# EXERCISE OBJECTIVE
The reply must contain exactly the lines below from the one with "150400 Addis Ababa, Ethiopia;" down to the one with "- Contenido del", both included, and nothing more; please omit the pictures.

# DATA

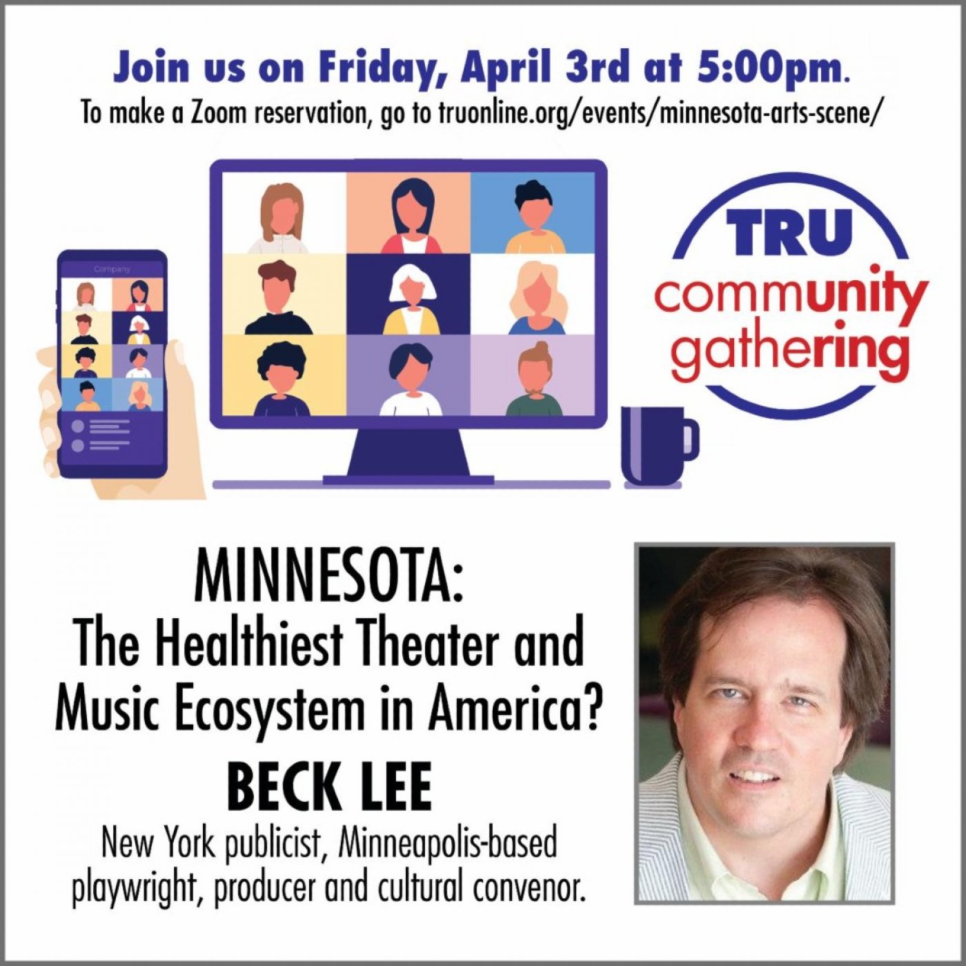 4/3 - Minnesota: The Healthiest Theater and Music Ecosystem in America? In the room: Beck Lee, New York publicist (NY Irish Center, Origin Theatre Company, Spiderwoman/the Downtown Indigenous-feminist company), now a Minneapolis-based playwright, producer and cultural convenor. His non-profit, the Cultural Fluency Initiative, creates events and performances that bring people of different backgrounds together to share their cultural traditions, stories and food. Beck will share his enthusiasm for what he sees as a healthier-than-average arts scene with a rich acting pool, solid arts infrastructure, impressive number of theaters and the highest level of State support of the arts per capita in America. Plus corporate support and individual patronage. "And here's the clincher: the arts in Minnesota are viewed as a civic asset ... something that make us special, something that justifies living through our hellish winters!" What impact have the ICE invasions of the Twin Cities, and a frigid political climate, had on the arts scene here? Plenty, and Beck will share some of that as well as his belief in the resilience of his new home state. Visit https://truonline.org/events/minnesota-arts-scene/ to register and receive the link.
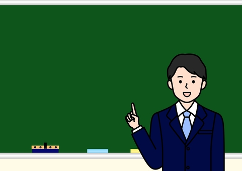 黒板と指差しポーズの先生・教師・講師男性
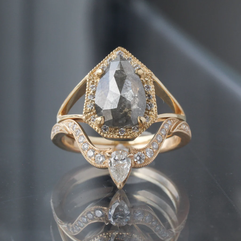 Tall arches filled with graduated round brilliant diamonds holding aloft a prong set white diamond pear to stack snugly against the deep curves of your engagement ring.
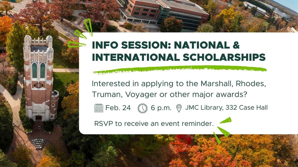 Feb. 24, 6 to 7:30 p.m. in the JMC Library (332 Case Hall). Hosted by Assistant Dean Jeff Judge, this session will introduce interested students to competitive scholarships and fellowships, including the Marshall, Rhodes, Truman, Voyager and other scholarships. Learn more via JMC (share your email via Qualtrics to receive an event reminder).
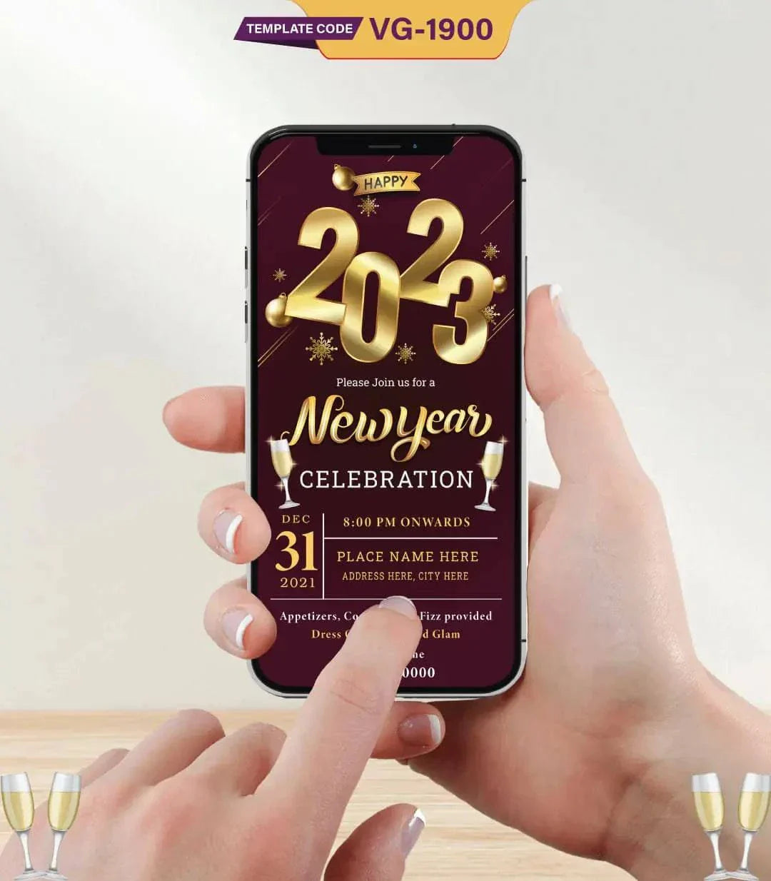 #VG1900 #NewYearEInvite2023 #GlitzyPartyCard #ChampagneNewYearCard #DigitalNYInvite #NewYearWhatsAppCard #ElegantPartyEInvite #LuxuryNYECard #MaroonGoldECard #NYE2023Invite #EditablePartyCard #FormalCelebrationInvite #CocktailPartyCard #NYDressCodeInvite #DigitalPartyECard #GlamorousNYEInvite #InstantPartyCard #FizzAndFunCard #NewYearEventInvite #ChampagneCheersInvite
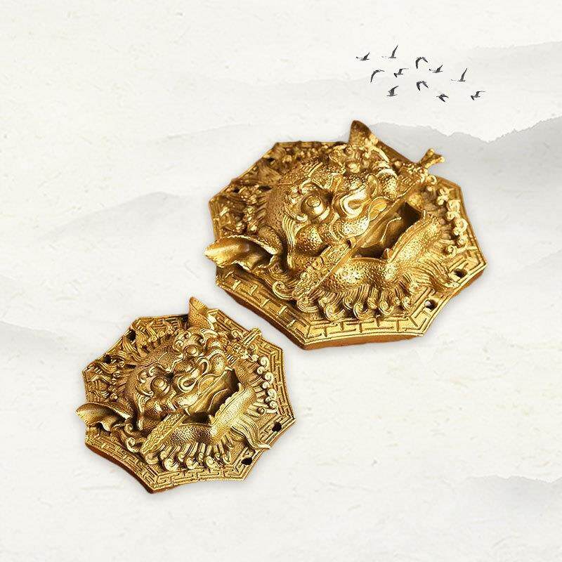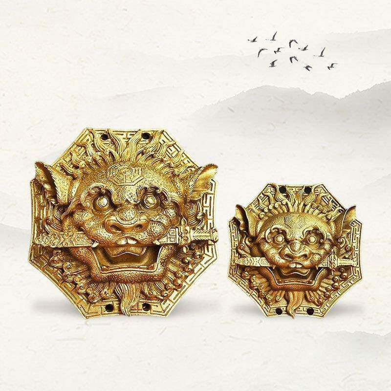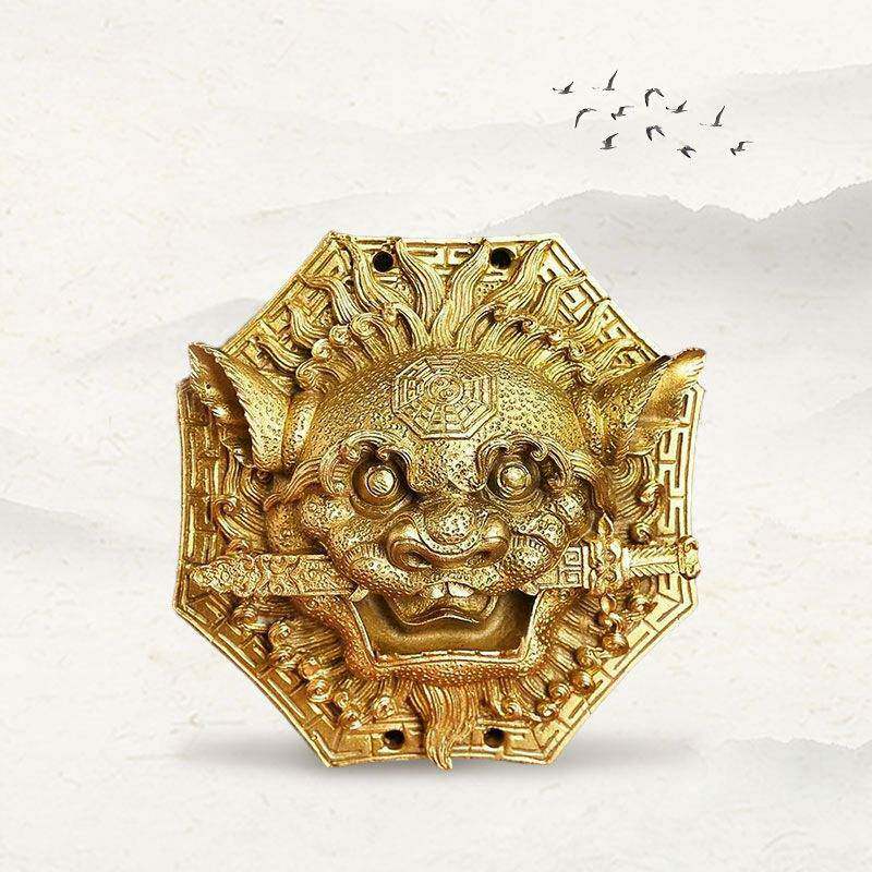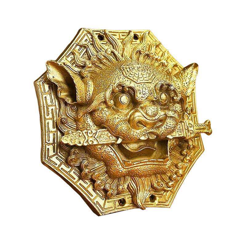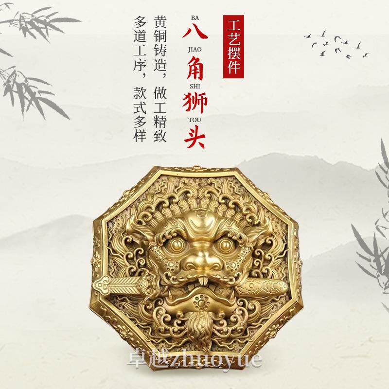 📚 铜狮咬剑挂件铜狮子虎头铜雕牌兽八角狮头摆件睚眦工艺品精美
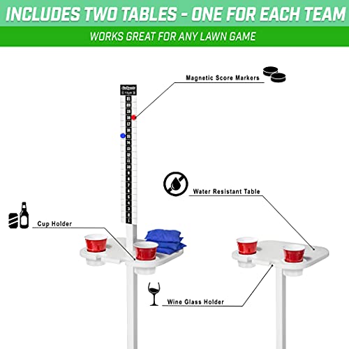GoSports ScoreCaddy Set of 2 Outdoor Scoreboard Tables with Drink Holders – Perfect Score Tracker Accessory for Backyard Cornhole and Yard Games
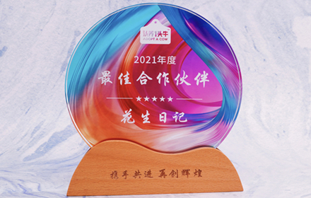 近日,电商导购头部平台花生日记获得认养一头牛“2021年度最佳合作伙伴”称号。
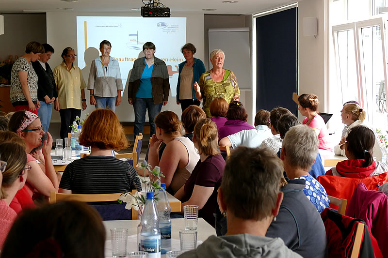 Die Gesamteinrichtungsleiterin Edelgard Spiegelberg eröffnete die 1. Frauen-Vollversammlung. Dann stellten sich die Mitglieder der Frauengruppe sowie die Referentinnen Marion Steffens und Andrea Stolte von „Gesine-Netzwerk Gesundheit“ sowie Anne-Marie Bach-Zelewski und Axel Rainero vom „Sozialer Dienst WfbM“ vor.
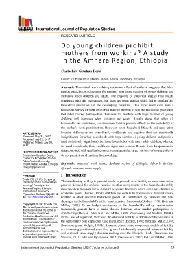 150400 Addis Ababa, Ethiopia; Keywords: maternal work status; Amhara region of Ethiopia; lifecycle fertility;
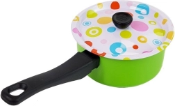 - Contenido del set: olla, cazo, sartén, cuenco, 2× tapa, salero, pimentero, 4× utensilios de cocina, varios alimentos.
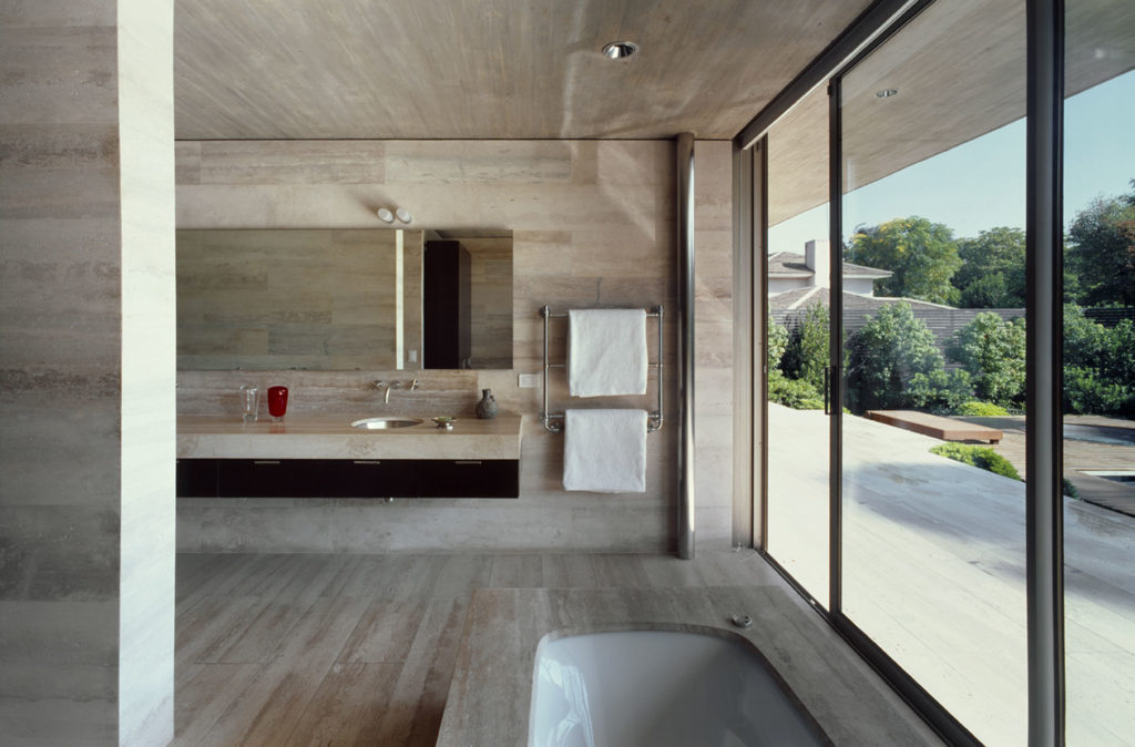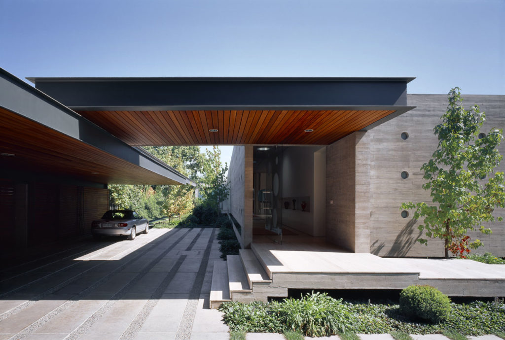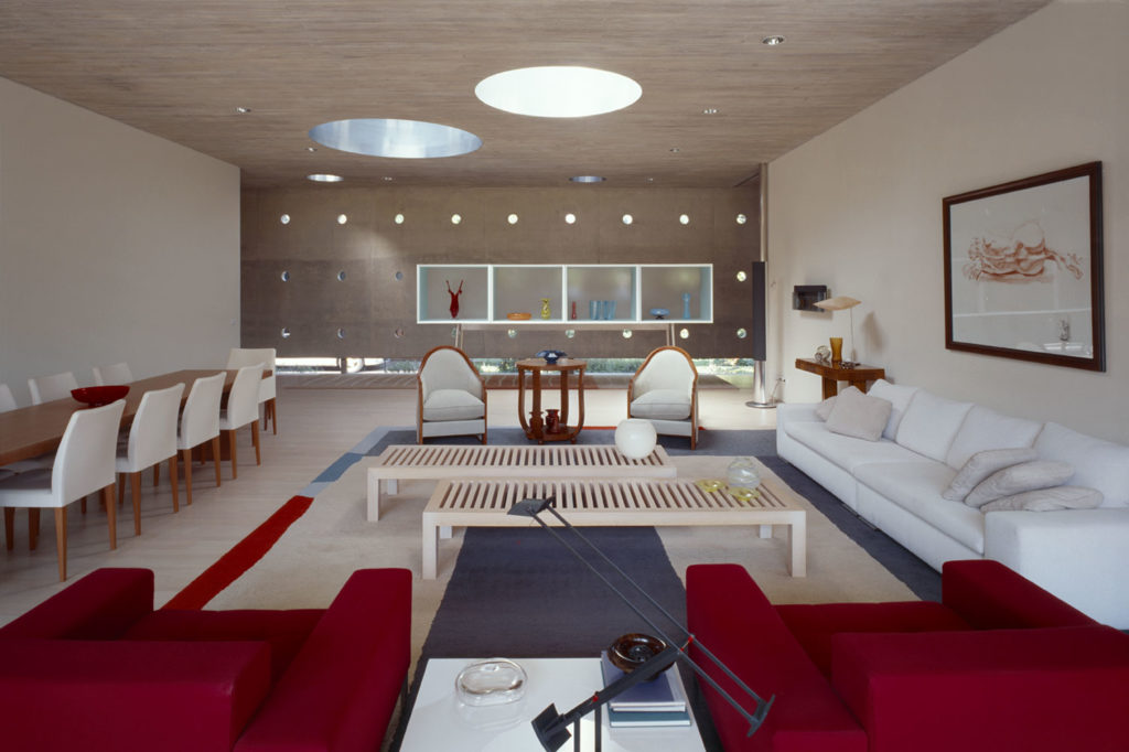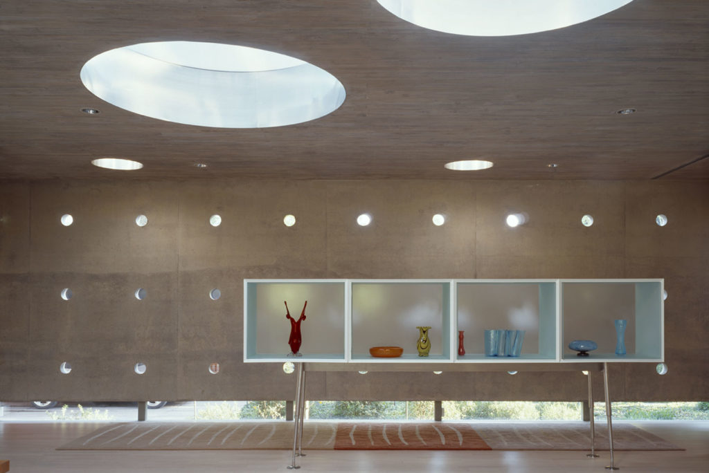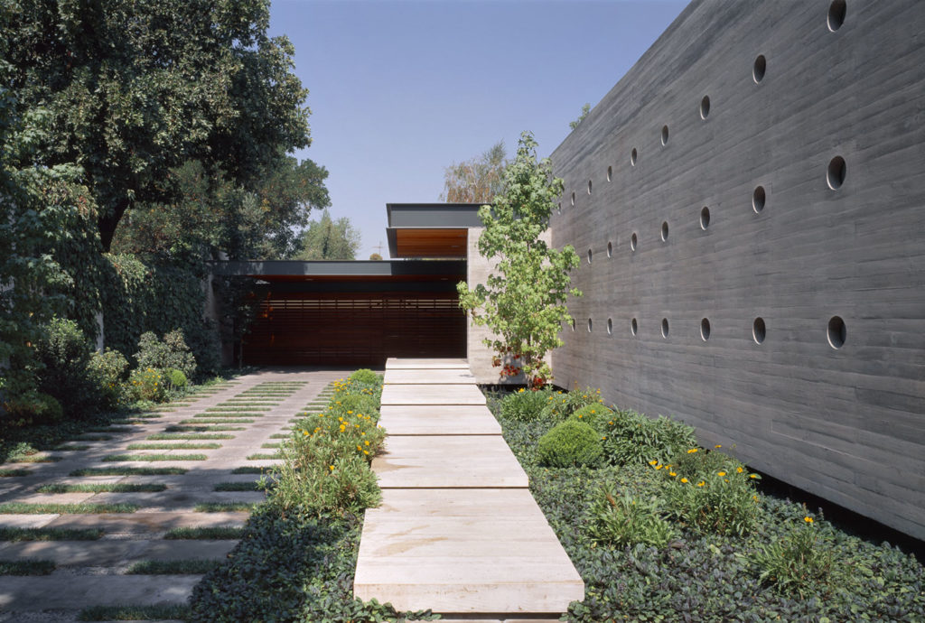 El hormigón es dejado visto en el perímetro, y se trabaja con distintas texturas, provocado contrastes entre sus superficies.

# REPLY TO THE EXERCISE
 150400 Addis Ababa, Ethiopia; Keywords: maternal work status; Amhara region of Ethiopia; lifecycle fertility;
 - Contenido del set: olla, cazo, sartén, cuenco, 2× tapa, salero, pimentero, 4× utensilios de cocina, varios alimentos.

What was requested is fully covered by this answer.